November 22, 2024

Private Manning of WikiLeaks Case Must Face Charges

But the judge, Col. Denise Lind, ruled that brig officials had improperly kept Private Manning on stricter conditions, including procedures designed to prevent potentially suicidal detainees from injuring themselves, for excessive periods. As a remedy, she granted Private Manning 112 days of credit against any eventual prison sentence.

That amounted to little more than a symbolic victory for Private Manning, whose supporters had rallied around claims that he had been tortured at Quantico. Prosecutors are pursuing charges, including aiding the enemy and violating the Espionage Act, that could result in a life sentence if he is convicted. His court-martial is scheduled to begin on March 6.

The ruling by Colonel Lind came after a long pretrial hearing last month that amounted to a miniature trial over whether military officials had subjected Private Manning to unlawfully harsh conditions over the roughly eight months he spent at Quantico in 2010 and 2011. His defense team had asked for the charges to be dismissed or for 10-for-1 credit for time served for the bulk of his time in Quantico, which could have shaved around seven years from any eventual prison term.
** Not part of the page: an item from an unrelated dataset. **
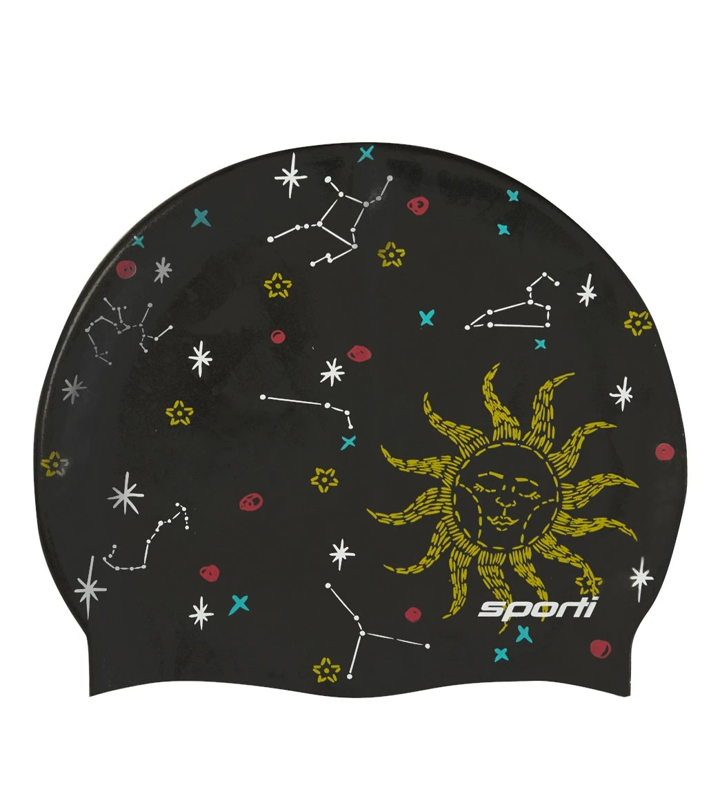 Channel the energy of the stars while wearing the Sporti Celestial Silicone Swim Cap. With a streamlined shape to reduce drag and a snug fit to safeguard your hair from chlorine, this cap offers easy wear and removal, a non-slip grip, and ultimate comfort. Plus, wearing a swim cap aids in tangle free hair and goggles that stay put so you can fully enjoy and focus on the lap ahead.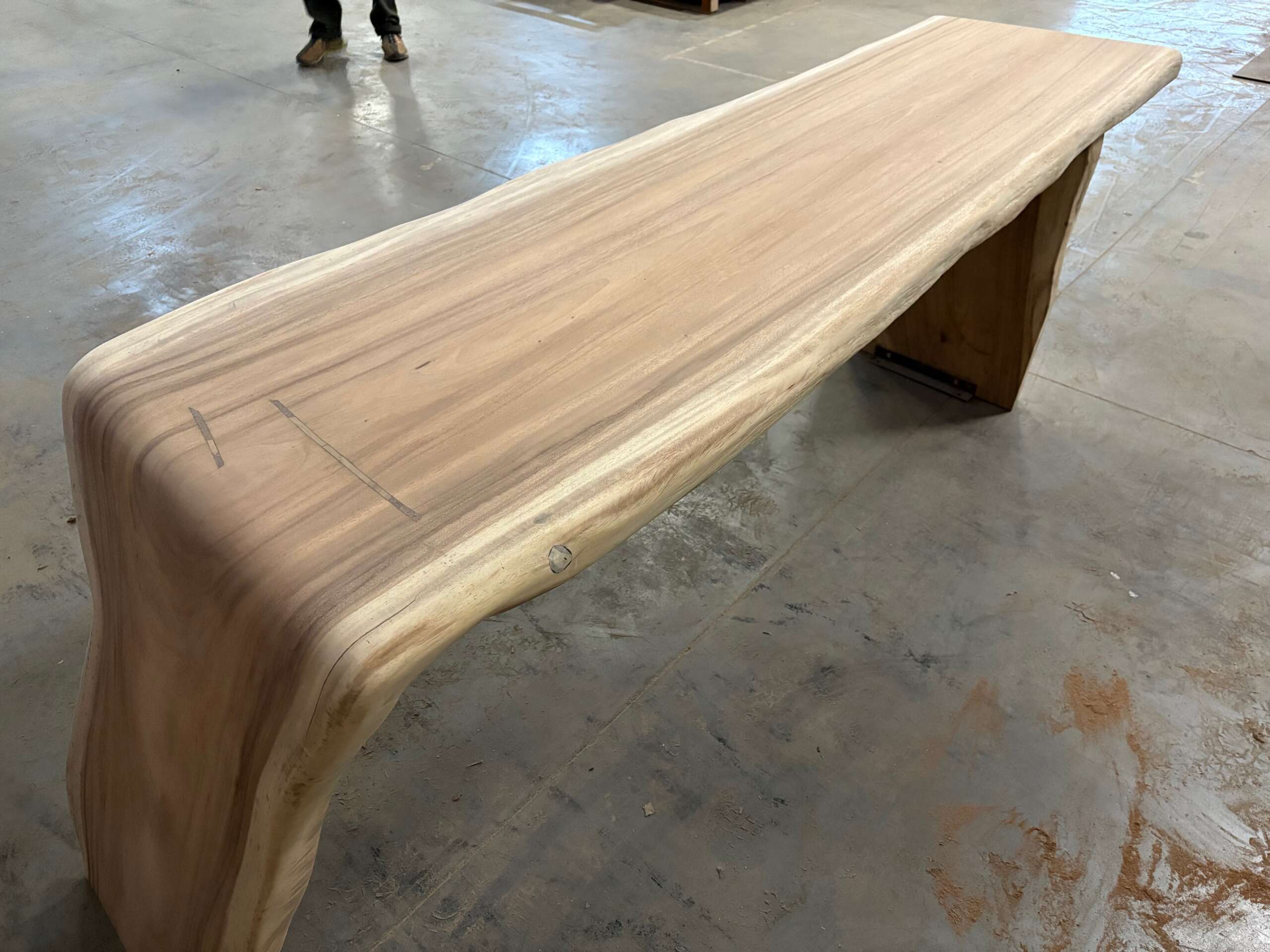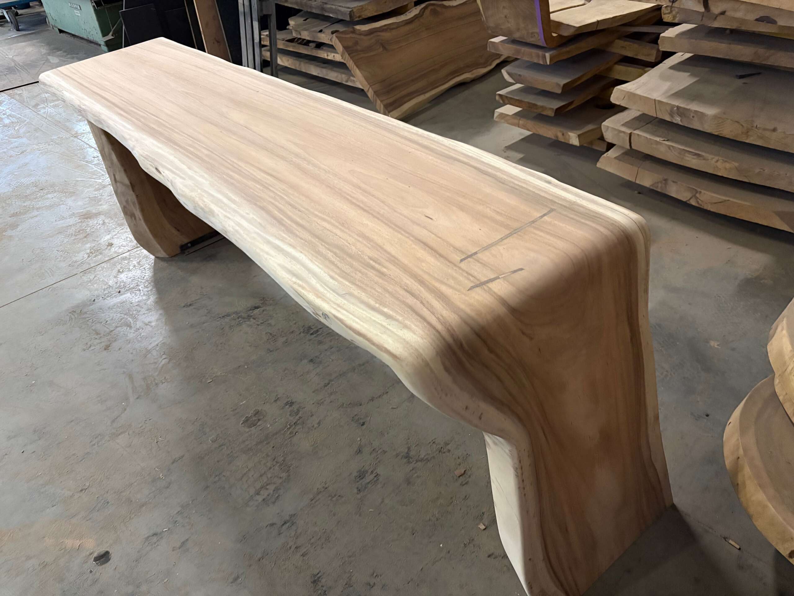 Le choix s’est porté sur un plateau curve en suar, directement tronçonné dans l’arbre, afin de conserver son arrondi naturel et sa présence brute. Une matière expressive, dont la forme guide naturellement le design.

But Colonel Lind, who spent nearly two hours reading her opinion in a small courtroom on Tuesday afternoon, found for the government on most of the disputed facts. She recounted in great detail Private Manning’s sometimes erratic behavior and mental problems both before and after his arrest in Iraq in 2010, including suicidal gestures and comments that she said made his captors legitimately fear that he was dwelling on suicide and biding his time until an opportunity arose.

“There was no intent to punish the accused by anyone in the Marine Corps brig staff or chain of command,” she said. “The intent was to make sure the accused was safe, did not hurt himself and was available for the trial.”

Still, Colonel Lind found that some steps brig officials had taken were excessive. The government had already conceded that Private Manning should not have been kept on the strictest status, “suicide risk,” on two occasions totaling seven days, after a brig medical official said that status was no longer necessary. She agreed, awarding one day of credit for each of those days.

She also said that it eventually became excessive and effectively punitive for brig officials to keep him on “prevention of injury” status — a category that did not require a doctor’s assent — for a 75-day period starting in November 2010, when his behavior had been stable for a lengthy period, and ending when he had an anxiety attack.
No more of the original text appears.